Question

Twenty four tuning forks are arranged in such a way that each fork produces 6 beats/s with the preceding fork. If the frequency of the last tuning fork is double than the first fork, then the frequency of the second tuning fork is \(\ldots \ldots\) (A) 132 (B) 138 (C) 276 (D) 144

Short answer

The frequency of the second tuning fork is 144 Hz.

Step-by-step solution

Understanding the concept of beats/s between two tuning forks

Beat frequency is the difference in frequencies between two waves meeting at the same time and place. In this case, each tuning fork produces 6 beats/s with the preceding fork, which means the difference in frequency between consecutive forks is 6 Hz.
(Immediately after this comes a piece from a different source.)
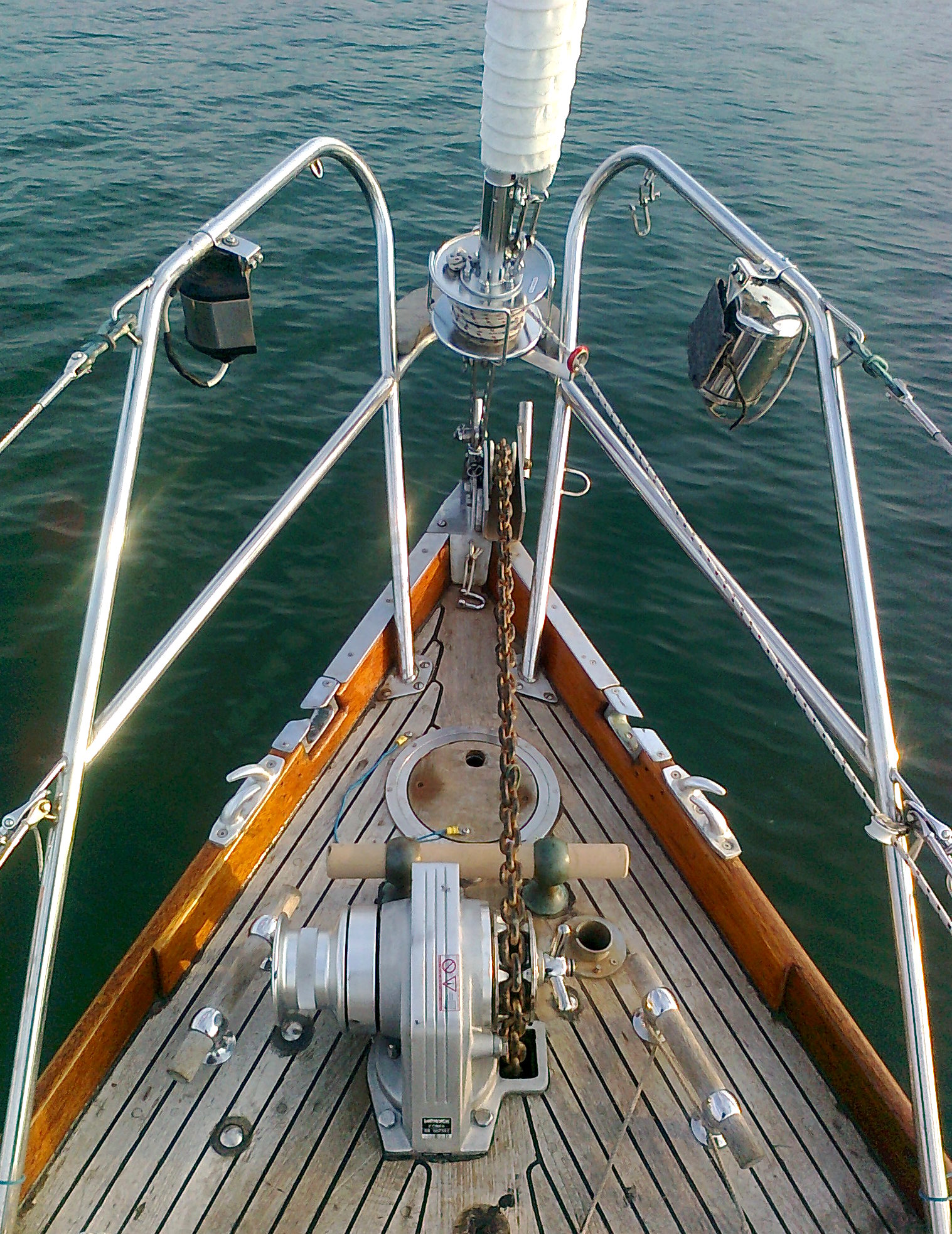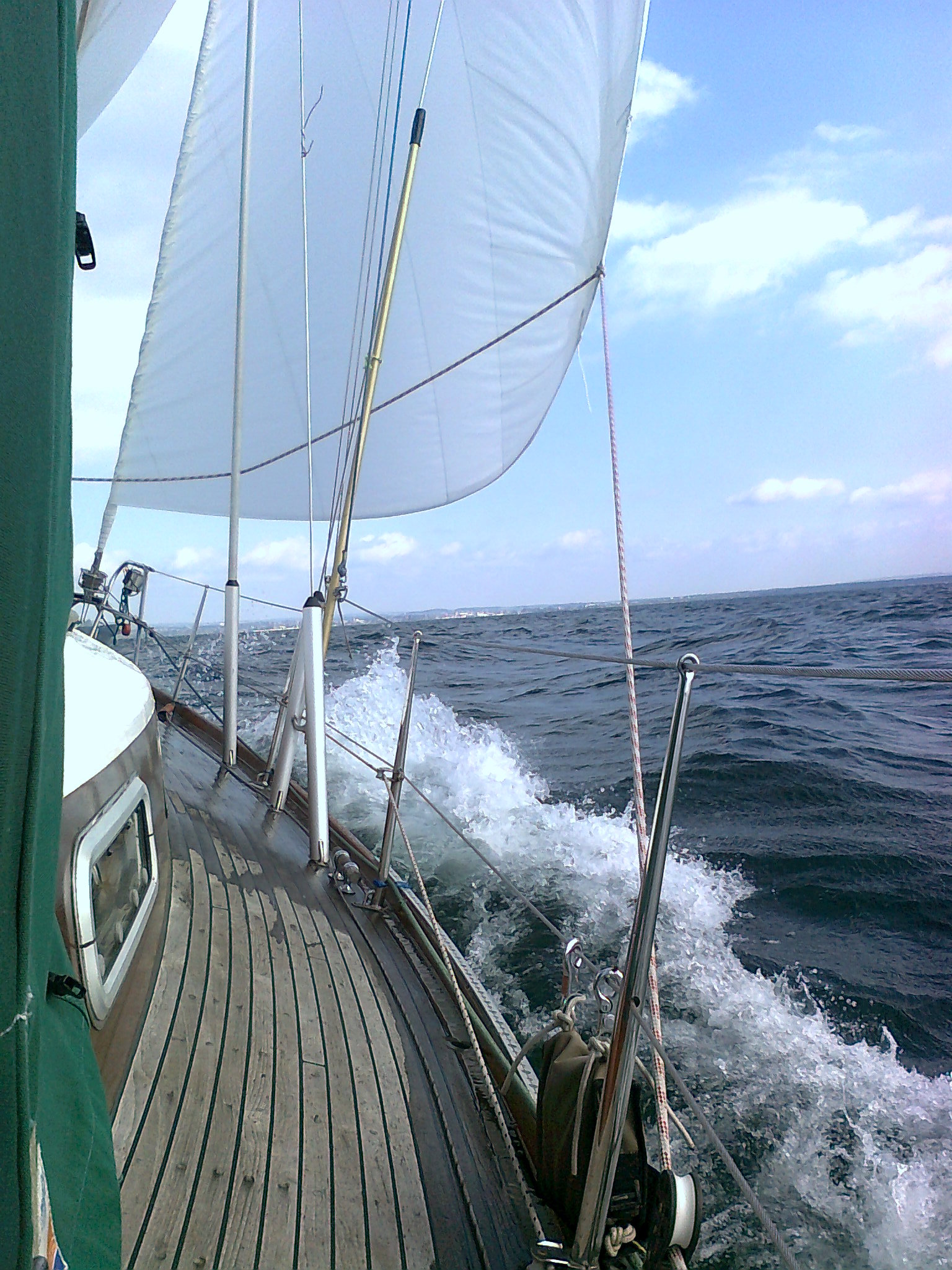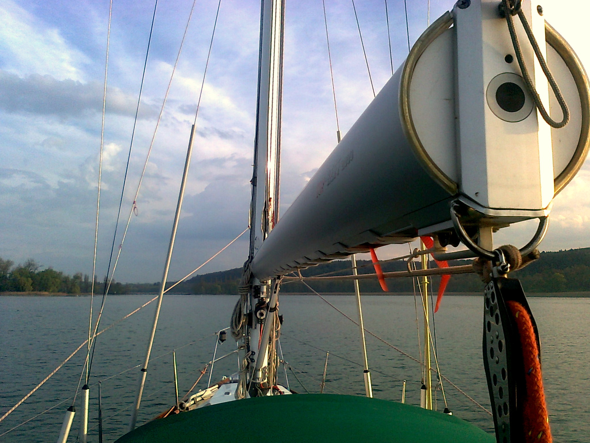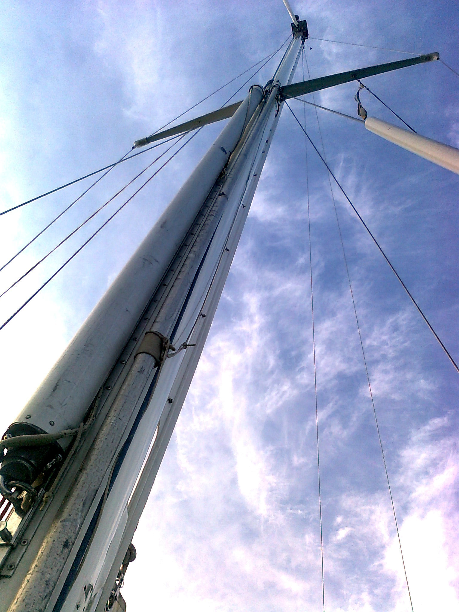Der Spinnakerbaum ist nun vorm Mast, oben der Radar-Reflektor

Create an equation representing the relationship between the frequencies of the forks

Let f1 represent the frequency of the first fork. Then the frequency of the second fork can be expressed as f1 + 6, the third fork as f1 + 12, and so on. So, the frequency of the nth fork can be represented as f1 + 6(n - 1), where n is the position of the fork in the sequence. We are given that the frequency of the last fork, which is the 24th fork, is double the frequency of the first fork. So, we can write this as f1 + 6(24 - 1) = 2f1.

Solve for the frequency of the first fork

Now, we can solve the equation f1 + 6(24 - 1) = 2f1 to find the frequency of the first fork, f1: f1 + 6(23) = 2f1 f1 + 138 = 2f1 138 = f1 So, the frequency of the first fork is 138 Hz.
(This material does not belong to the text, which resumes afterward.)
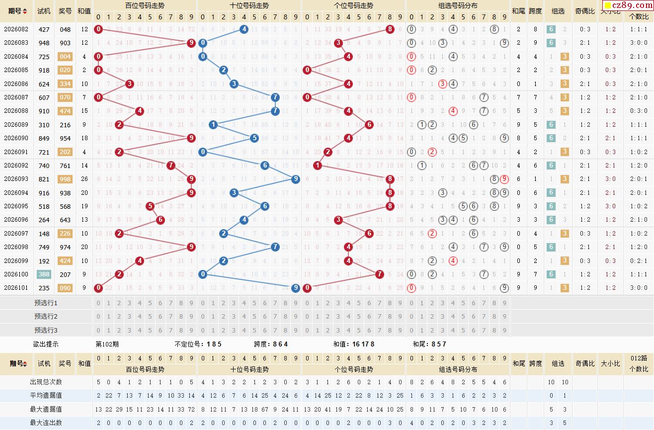 102期体彩排列3近期历史号码图表

Find the frequency of the second fork

Now that we know the frequency of the first fork, we can determine the frequency of the second fork using the difference given at the start: Frequency of the second fork = f1 + 6 = 138 + 6 = 144 Hz Thus, the frequency of the second tuning fork is 144 Hz. The correct answer is (D) 144.

Key concepts

Tuning Forks

Tuning forks are fascinating tools used to produce specific frequencies of sound. These metal objects have a U-shape with a handle at one end. When a tuning fork is struck, it vibrates and produces a sound wave at a particular frequency. This frequency corresponds to a musical note. Tuning forks provide a very pure tone because they vibrate at a single frequency, making them widely used in musical tuning and scientific experiments.
In the exercise, tuning forks are organized in a sequence, each producing sound slightly different from its neighbor. This small change in frequency helps illustrate a concept called beat frequency, which is explained in the next sections.

Frequency Doubling

Frequency doubling is an interesting phenomenon where one frequency is exactly twice another. In the context of the exercise, frequency doubling suggests that the last tuning fork has a frequency that is twice that of the first tuning fork.
Understanding this idea is key when solving problems that involve progression and sequences of frequencies. It's often used in wave physics and sound studies to depict cases where harmonics or specific relationships between frequencies are important. Frequency doubling can also be found in optical physics when frequencies of light are doubled to create new waveforms.

Difference in Frequency

The difference in frequency is an important concept when considering sound waves and beat frequencies. It represents the gap between the frequencies of two sound waves. When two frequencies are close to each other, they can interfere, creating a beat frequency that we hear as a rhythmic pattern in sound.
This phenomenon is used extensively in tuning instruments, where musicians listen for the beats to disappear as they match their instrument's pitch to a reference pitch. In the exercise, each tuning fork produces 6 beats per second with the preceding fork, indicating a frequency difference of 6 Hz between successive forks.

Wave Interference

Wave interference is a principle that occurs when two or more waves meet at the same place at the same time. This meeting can result in the waves adding together, cancelling each other out, or something in between.
Interference is constructive when waves amplify each other, and destructive when they reduce the overall amplitude. The concept of wave interference is vital to understanding beats, as beats arise when two waves of slightly different frequencies interfere with each other. The fluctuating interference creates patterns of loud and soft sound, which we perceive as beats. This principle is fundamental in acoustics, especially in tuning and adjusting musical instruments.